The following cell computes statistics on a given target conditionally to some features. For example, we want to generate a feature that describe the mean of RET_1 conditionally to the SECTOR and the DATE.

Ideas of improvement: change shifts, the conditional features, the statistics, and the target.

In [14]:
# Feature engineering
new_features = []

# Conditional aggregated features
shifts = [1]  # Choose some different shifts
statistics = ['mean']  # the type of stat
gb_features = ['SECTOR', 'DATE']
target_feature = 'RET'
tmp_name = '_'.join(gb_features)
for shift in shifts:
    for stat in statistics:
        name = f'{target_feature}_{shift}_{tmp_name}_{stat}'
        feat = f'{target_feature}_{shift}'
        new_features.append(name)
        for data in [train, test]:
            data[name] = data.groupby(gb_features)[feat].transform(stat)

Feature selection

To reduce the number of feature (and the noise) we only consider the 5 last days of RET and VOLUME in addition to the newly created feature.

In [15]:
target = 'RET'

n_shifts = 5  # If you don't want all the shifts to reduce noise
features = ['RET_%d' % (i + 1) for i in range(n_shifts)]
features += ['VOLUME_%d' % (i + 1) for i in range(n_shifts)]
features += new_features  # The conditional features
train[features].head()
Out[15]:
RET_1 RET_2 RET_3 RET_4 RET_5 VOLUME_1 VOLUME_2 VOLUME_3 VOLUME_4 VOLUME_5 RET_1_SECTOR_DATE_mean
ID
0 -0.015748 -0.015504 0.010972 -0.014672 0.016483 0.147931 0.179183 0.033832 -0.362868 -0.972920 0.009178
1 0.003984 -0.090580 0.018826 -0.025540 -0.038062 NaN NaN NaN NaN NaN 0.006477
2 0.000440 -0.058896 -0.009042 0.024852 0.009354 -0.096282 0.084771 -0.298777 -0.157421 0.091455 0.013449
3 0.031298 0.007756 -0.004632 -0.019677 0.003544 -0.429540 -0.089919 -0.639737 -0.940163 -0.882464 0.017253
4 0.027273 -0.039302 0.000000 0.000000 0.022321 -0.847155 -0.943033 -1.180629 -1.313896 -1.204398 0.006241

Model and local score

A Random Forest (RF) model is chosen for the Benchmark. We consider a large number of tree with a quiet small depth. The missing values are simply filled with 0. A KFold is done on the dates (using DATE) for a local scoring of the model.
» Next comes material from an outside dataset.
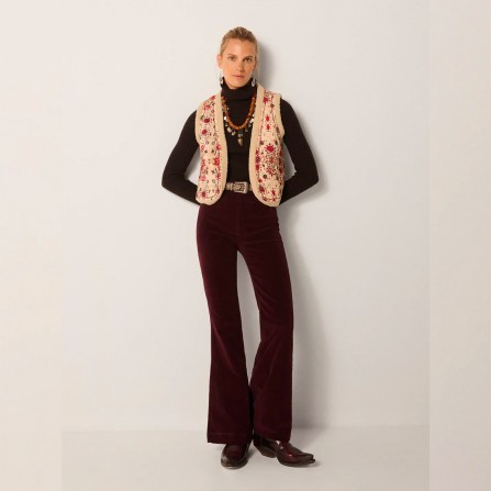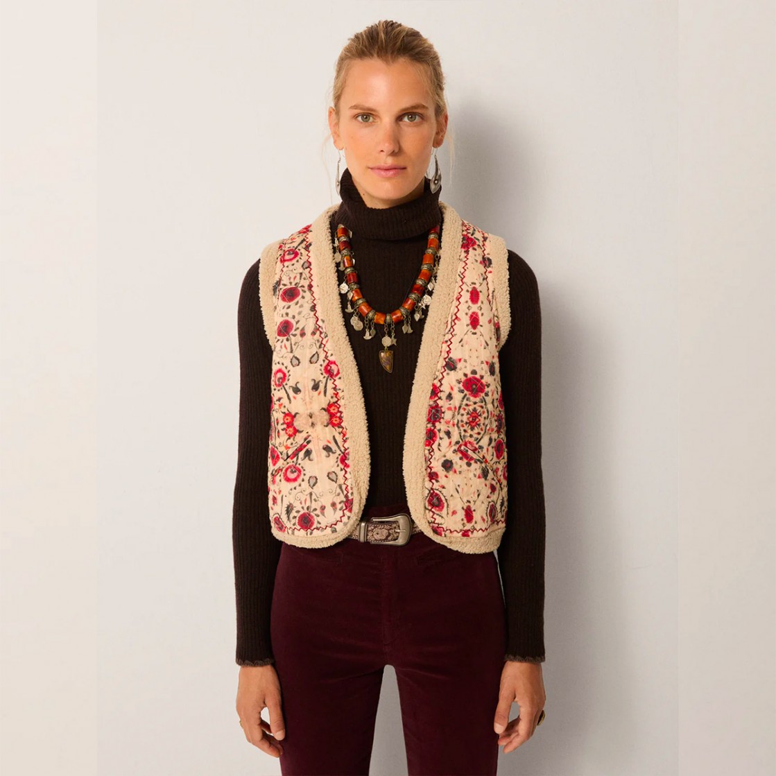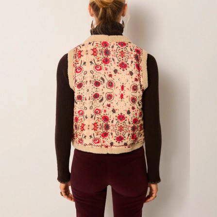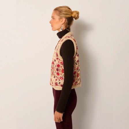 Dobby en coton matelassé, à motifs de rouges en fleurs et de motifs terreux sur un sol pâle, doublé de shearling doux pour la chaleur. L'impression est vintage et folklorique, une tapisserie adoucie par le temps.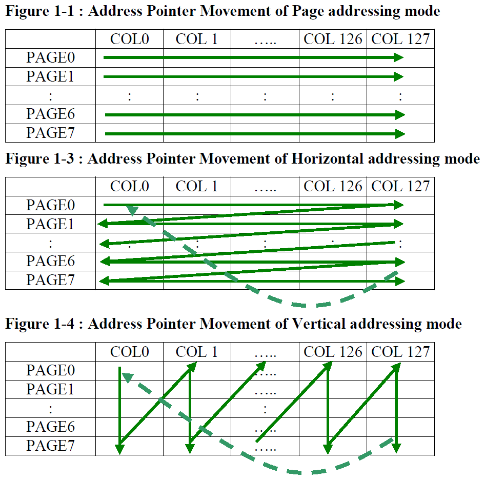 显存支持页面、水平、垂直三种寻址模式,伴随有一个指针,每写入一字节数据,指针就以某种形式增长,类似于我们在C中写的*ptr++:

Ideas of improvements: Tune the RF hyperparameters, deal with the missing values, change the features, consider another model, ...

In [16]:
X_train = train[features]
y_train = train[target]

# A quiet large number of trees with low depth to prevent overfits
rf_params = {
    'n_estimators': 500,
    'max_depth': 2**3,
    'random_state': 0,
    'n_jobs': -1
}

train_dates = train['DATE'].unique()
test_dates = test['DATE'].unique()

n_splits = 4
scores = []
models = []

splits = KFold(n_splits=n_splits, random_state=0,
               shuffle=True).split(train_dates)

for i, (local_train_dates_ids, local_test_dates_ids) in enumerate(splits):
    local_train_dates = train_dates[local_train_dates_ids]
    local_test_dates = train_dates[local_test_dates_ids]
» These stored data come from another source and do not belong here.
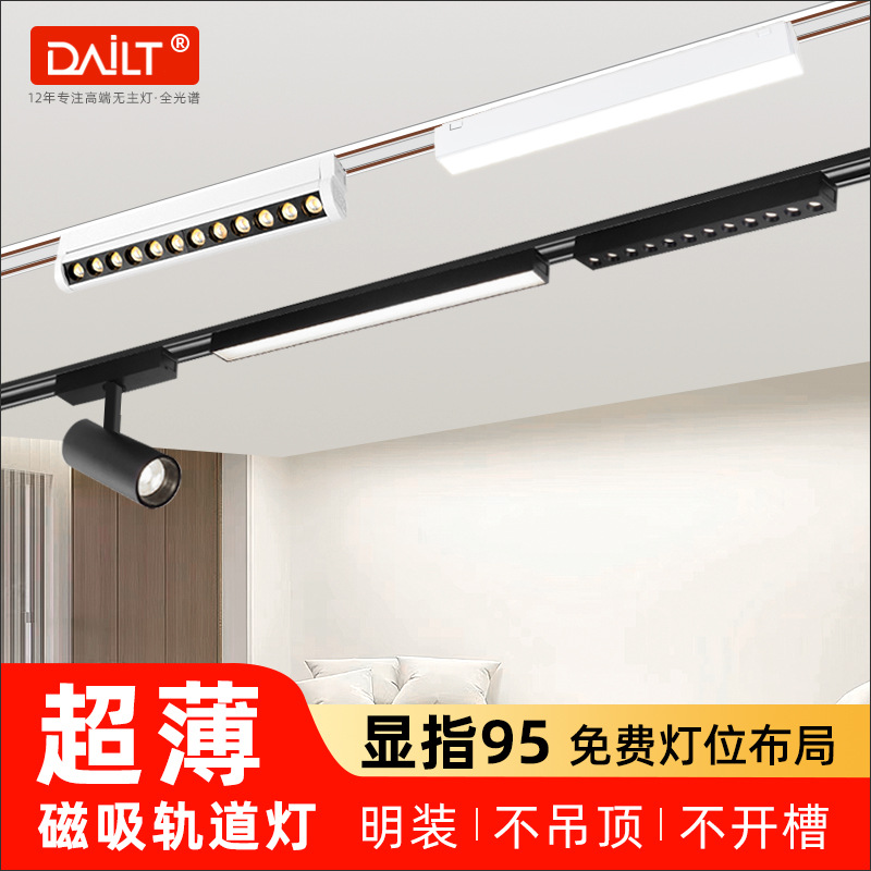Накладной магнитный трековый светильник, без потолка, без основного освещения, складной прожектор с решеткой, умное диммирование, трехцветная регулировка яркости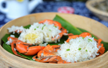第一种:海鲜菜谱粽香糯米蒸蟹做法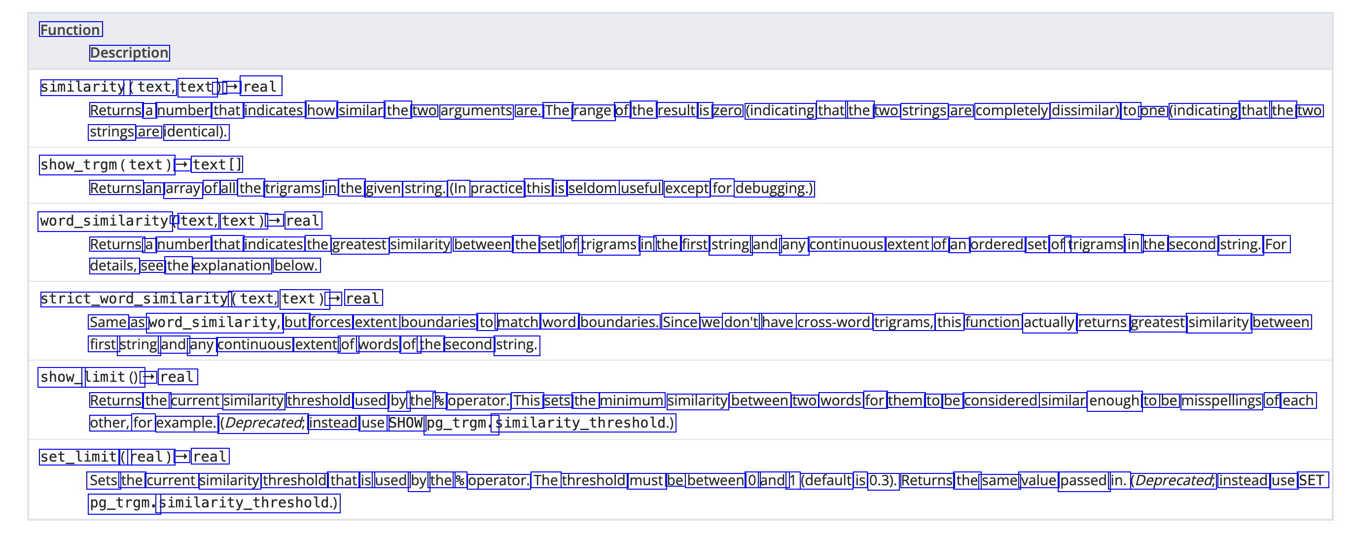 Function Description similarity (text, text ) + real Returns a number that indicates how similar the two arguments are. The range of the result is zero (indicating that the two strings are completely dissimilar) to one (indicating that the two strings are identical). show_trgm(text) + text[] Returns an array of all the trigrams in the given string. (In practice this is seldom useful except for debugging.) word_similarity ( text, text) + real Returns a number that indicates the greatest similarity between the set of trigrams in the first string and any continuous extent of an ordered set oft trigrams in the second string. For details, see the explanation below. strict_word_similarity (text, text) + real Same as word_similarity, but forces extent boundaries to match word boundaries. Since we don't have cross-word trigrams, this function actually returns greatest similarity between first string and any continuous extent of words of the second string. show_ limit0 + real Returns the current similarity threshold used by the % operator. This sets the minimum similarity between two words for them to be considered similar enough to be misspellings of each other, for example. (Deprecated; instead use SHOW pg_trgm. similarity.threshold) set_limit ( real) - real Sets the current similarity threshold that is used by the % operator. The threshold must be between 0 and 1 (default is 0.3). Returns the same value passed in. (Deprecated; instead use SET pg_trgm. similarity.threshold)

    local_train_ids = train['DATE'].isin(local_train_dates)
    local_test_ids = train['DATE'].isin(local_test_dates)

    X_local_train = X_train.loc[local_train_ids]
    y_local_train = y_train.loc[local_train_ids]
    X_local_test = X_train.loc[local_test_ids]
    y_local_test = y_train.loc[local_test_ids]
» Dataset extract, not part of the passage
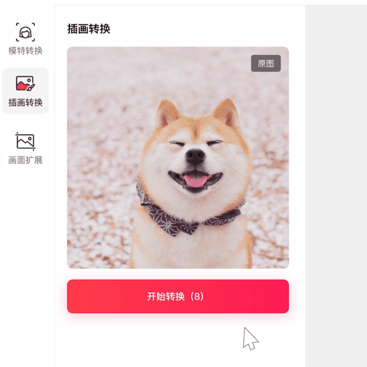 为达到更好的转换效果,建议选用人物、生活方式、宠物、家居等内容类型进行插画转换。

    X_local_train = X_local_train.fillna(0)
    X_local_test = X_local_test.fillna(0)

    model = RandomForestClassifier(**rf_params)
    model.fit(X_local_train, y_local_train)

    y_local_pred = model.predict_proba(X_local_test)[:, 1]
    
    sub = train.loc[local_test_ids].copy()
    sub['pred'] = y_local_pred
    y_local_pred = sub.groupby('DATE')['pred'].transform(lambda x: x > x.median()).values

    models.append(model)
    score = accuracy_score(y_local_test, y_local_pred)
    scores.append(score)
    print(f"Fold {i+1} - Accuracy: {score* 100:.2f}%")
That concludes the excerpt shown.